### REQUIREMENT
Keep the pictures out while you transcribe the listing below exactly.

### MATERIAL PROVIDED
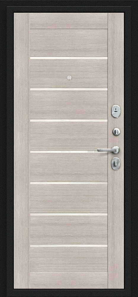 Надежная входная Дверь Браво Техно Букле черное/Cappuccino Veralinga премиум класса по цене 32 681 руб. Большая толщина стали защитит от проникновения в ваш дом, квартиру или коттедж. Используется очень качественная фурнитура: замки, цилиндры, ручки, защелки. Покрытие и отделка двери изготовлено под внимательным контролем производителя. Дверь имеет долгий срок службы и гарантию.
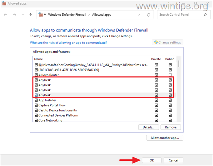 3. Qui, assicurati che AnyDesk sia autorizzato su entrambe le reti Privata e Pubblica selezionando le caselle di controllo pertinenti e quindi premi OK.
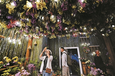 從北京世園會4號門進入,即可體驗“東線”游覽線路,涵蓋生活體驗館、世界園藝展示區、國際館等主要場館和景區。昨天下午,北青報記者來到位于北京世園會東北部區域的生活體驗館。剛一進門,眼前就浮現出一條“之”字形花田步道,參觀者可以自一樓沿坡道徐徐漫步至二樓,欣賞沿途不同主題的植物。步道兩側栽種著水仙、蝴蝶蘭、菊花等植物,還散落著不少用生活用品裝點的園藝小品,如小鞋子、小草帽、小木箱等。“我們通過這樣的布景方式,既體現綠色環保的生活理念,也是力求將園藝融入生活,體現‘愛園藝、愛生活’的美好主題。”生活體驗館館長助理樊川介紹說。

### EXPECTED ANSWER
 Надежная входная Дверь Браво Техно Букле черное/Cappuccino Veralinga премиум класса по цене 32 681 руб. Большая толщина стали защитит от проникновения в ваш дом, квартиру или коттедж. Используется очень качественная фурнитура: замки, цилиндры, ручки, защелки. Покрытие и отделка двери изготовлено под внимательным контролем производителя. Дверь имеет долгий срок службы и гарантию.
 3. Qui, assicurati che AnyDesk sia autorizzato su entrambe le reti Privata e Pubblica selezionando le caselle di controllo pertinenti e quindi premi OK.
 從北京世園會4號門進入,即可體驗“東線”游覽線路,涵蓋生活體驗館、世界園藝展示區、國際館等主要場館和景區。昨天下午,北青報記者來到位于北京世園會東北部區域的生活體驗館。剛一進門,眼前就浮現出一條“之”字形花田步道,參觀者可以自一樓沿坡道徐徐漫步至二樓,欣賞沿途不同主題的植物。步道兩側栽種著水仙、蝴蝶蘭、菊花等植物,還散落著不少用生活用品裝點的園藝小品,如小鞋子、小草帽、小木箱等。“我們通過這樣的布景方式,既體現綠色環保的生活理念,也是力求將園藝融入生活,體現‘愛園藝、愛生活’的美好主題。”生活體驗館館長助理樊川介紹說。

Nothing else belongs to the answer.